И вот, когда было далеко за полночь, на прозрачной глади воды показались силуэты четырех судов, идущих с потушенными огнями и приглушенными моторами. Суда проплыли мимо и скрылись за островом. Мы подумали, что немцы спешат на помощь к своим в Оршову и Турну-Северин, и передали вниз по реке о их приближении. Но спустя некоторое время наши из Корониней, а также дозор, посланный в ту сторону, сообщили, что вниз по Дунаю не прошло ни одно судно. «Но куда же провалились немцы? — спрашивали мы себя. — Ведь мы же собственными глазами видели, как они проплывали мимо!»

— Они за островом! — воскликнул Ион Булгэре. — Они притаились там и ждут утра, чтобы атаковать нас…

Именно так оно и было: гитлеровцы хотели нас провести, хотели заставить нас подумать, что они удалились, а потом навалиться как снег на голову…

На заре, когда над Дунаем еще висела предутренняя мгла, четыре немецких судна показались из-за острова. Сначала они проплыли немного вверх по течению, пока последнее судно стало в ряд с остальными, затем, повернувшись в нашу сторону, друг за другом направились к берегу.

Начальник заставы, младший лейтенант Соаре, побежал к телефону, чтобы сообщить об этом в роту и попросить подкрепления. Но рота наша была разбросана на большом протяжении по всему берегу. Другие же части сдерживали гитлеровцев на западной границе. Так что никто в эту минуту не мог дать ни одного человека. Нам посоветовали не терять присутствия духа, потому что немцы делали попытку высадиться и в других местах, но, встретив отпор, отступили.

— Если будут атаковать? — спросил младший лейтенант.

— Держитесь… Удерживайте границу и заставу любой ценой!

Мы стали наблюдать за медленно приближавшимися судами. Начальник заставы смотрел в бинокль, и по нескольким оброненным им словам я понял, что гитлеровцы полны решимости атаковать. Соаре был крепкого сложения, высокий, стройный и плечистый — настоящий пограничник. В то же время мне он казался медлительным и вялым, и я даже побаивался, что младший лейтенант растеряется и мы не сумеем разбить гитлеровцев. Только потом я понял, что именно эта медлительность, за которой на самом деле скрывалась строгая расчетливость, спасла нас.

Гитлеровцы остановили свои суда в трехстах шагах от берега и стали спускать на воду лодки. Немцы находились прямо перед нами и на довольно близком расстоянии для стрельбы, но Соаре запретил пока открывать огонь.
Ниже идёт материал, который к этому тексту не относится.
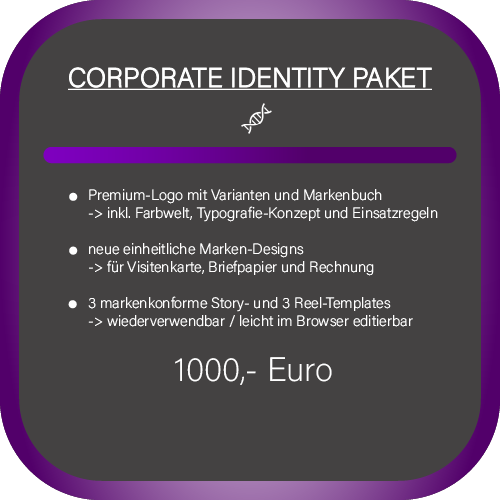 Präsentiere deine Marke mit einem unverwechselbaren visuellen Auftritt, der Wiedererkennung garantiert und Eindruck hinterlässt. Dieses Paket umfasst eine maßgeschneiderte Markenidentität, welche die visuelle DNA deines Unternehmens widerspiegelt – inklusive Logo, Farbwelt, Typografie und visuellen Leitlinien.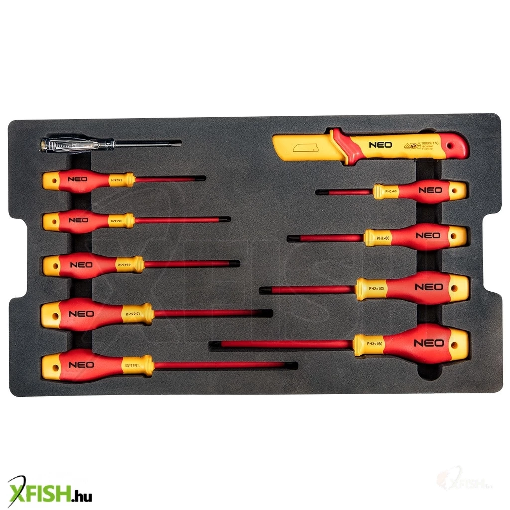 KategóriákKategóriákKerti szerszámok, eszközök Szerszámkészlet Neotools villanyszerelő szerszámkészlet kofferben, 52db, 1000v, szigetelt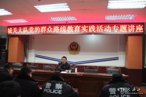 大西北网讯 为认真贯彻落实党的群众路线教育实践活动精神,按照支队工作要求,近日,城关大队邀请市委党校欧阳波教授为大队全体党员民警进行党的群众路线教育实践活动专题讲座,讲座由教导员王永刚主持,大队领导班子、全体民警认真听取了讲座。讲座中,欧教授以其渊博的常识,深厚的理论功底,精彩的讲解技巧,紧扣贯彻落实党的十八大、十八届三中全会和习近平总书记系列重要讲话精神,紧扣党的群众路线教育实践活动,紧扣党章,紧扣具体工作实践,多角度、广领域深入讲解,博古论今、引经据典、深入浅出,为全体党员干部献上了一堂精彩的理论大餐。在讲座结束后最后,支部书记王永刚在会上要求各中队紧密结合本职工作组织开展党的群众路线教育实践活动,进一步突出作风建设,对照查找“四风”问题,开门纳谏,广泛听取群众意见,帮助群众排忧解难。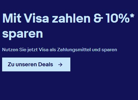 Wer jetzt bei Ebay einkauft und mit der Visacard zahlt, erhält einen Rabatt von zehn Prozent. Die Aktion läuft nur bis Ende Juni und ist obendrein auf zehn Euro Preisabschlag gedeckelt.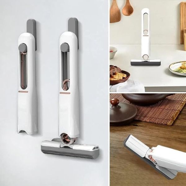 HANDYMOP maakt gebruik van een push-pull mechanisme, waardoor u vuil water kunt uitknijpen en uitwringen met een simpele push-pull beweging. De mop heeft een sterk waterabsorberend vermogen, waardoor er geen rommel achterblijft.

— Пусть все сядут в лодки! — приказал он. — Я дам сигнал!

Долго нам ждать не пришлось, так как гитлеровцы, видно, торопились и направили к нашему берегу сразу по три-четыре лодки от каждого судна. Немцы сидели в лодках рядами, как горошинки в стручке. По нашим подсчетам, их было около трехсот, а нас, как ни считай, — всего лишь двадцать два человека.

— Если б у нас была пара противотанковых пушек, — проговорил кто-то рядом со мной, — живо продырявили бы брюхо их мониторов…
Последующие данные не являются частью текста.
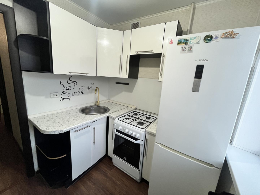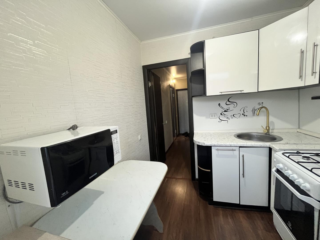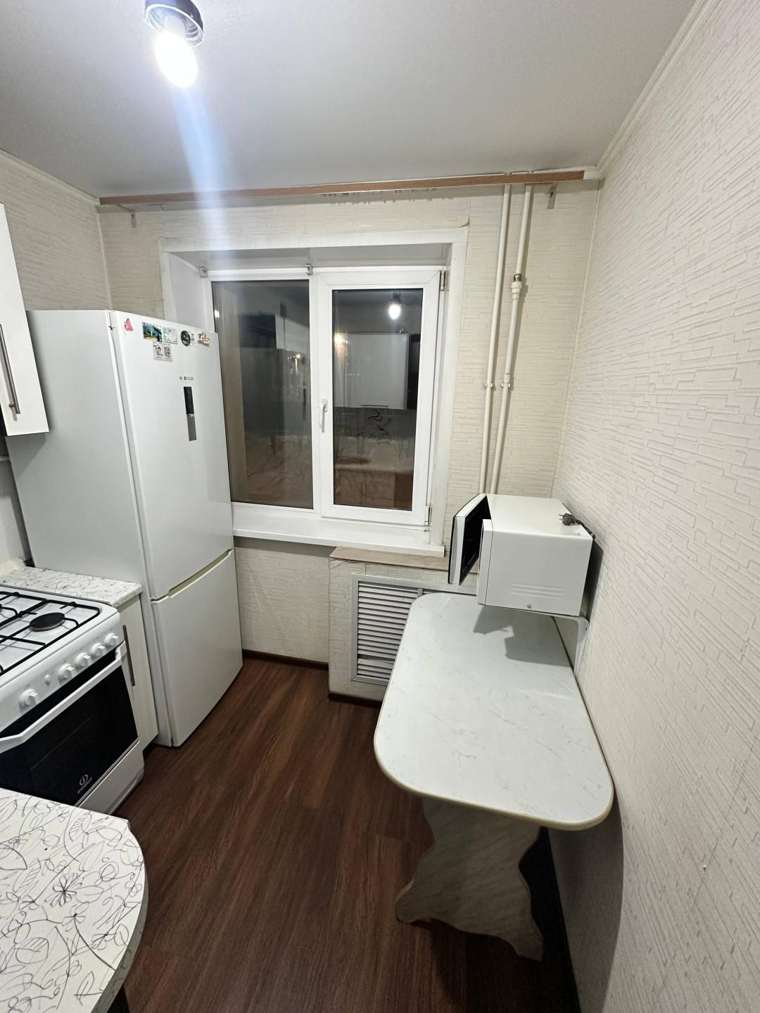 Квартира расположена на третьем этаже пятиэтажного кирпичного дома. Застекленный балкон. Oбщaя плoщaдь квартиры - 30,3кв.м. Кухня 4,9 кв.м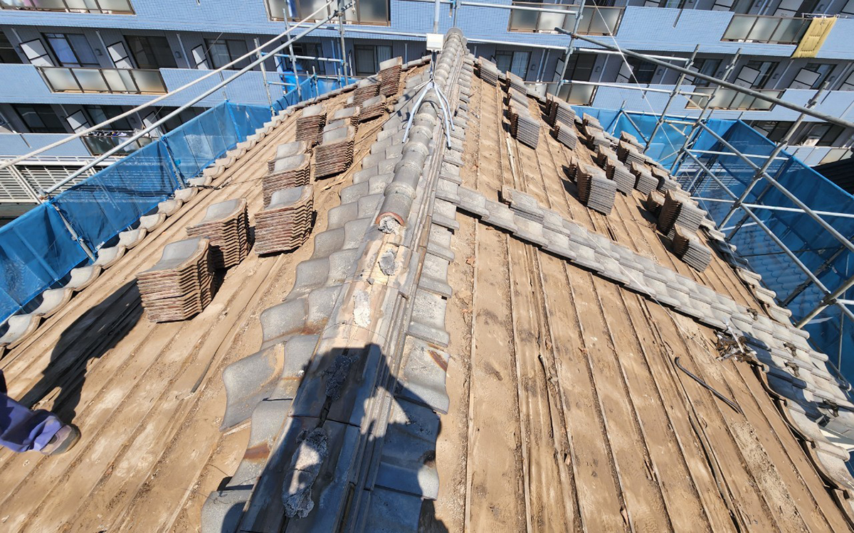 重かった瓦屋根を剥し、下地に新たなコンパネを貼りなおしました。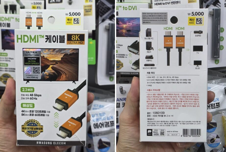 | HDMI 2.1 to HDMI | 약 5,000원 | PS5, Xbox Series X, 4K 120Hz·8K TV 연결 |

— Тихо! — набросился на него младший лейтенант Соаре.

Немцы все приближались к берегу. Наконец начальник заставы повернулся к Булгэре и спросил:

— Как, теперь тебя устраивает?

— Вполне, господин младший лейтенант…

— Огонь! — скомандовал Соаре.

Взорвав утреннюю тишину, пулемет дал несколько коротких очередей. Возле самых лодок поднялись небольшие фонтаны воды. Один из гитлеровцев покачнулся и рухнул поперек лодки. Ион Булгэре выпустил еще несколько отрывистых, но точных очередей и по другим лодкам. Немцы замешкались и остановились. В это время ударили и другие наши пулеметы, а также винтовки и автоматы. На поверхности воды забушевал уничтожающий свинцовый ураган. Гитлеровцы оказались застигнутыми врасплох, и некоторые, кто потрусливее, стали прыгать с лодок. Они отчаянно били по воде руками и, сраженные пулями, шли на дно.

Но вскоре гитлеровцы оправились от замешательства. Их пули начали поднимать прибрежный песок. Одна такая шальная просвистела мимо моего уха. Солдат, находившийся рядом со мной, икнул и мягко свалился в окоп.

— Не обнаруживай себя! — сердито крикнул Иону Соаре.

Заметив, что огонь наш слишком рассеивается, командир приказал стрелять по лодкам по очереди, концентрируя огонь то в одном, то в другом месте. После первых таких очередей одна из лодок накренилась и, набрав воды, перевернулась. Немцы из нее бросились к другим лодкам. Они хватались за борта и плыли рядом.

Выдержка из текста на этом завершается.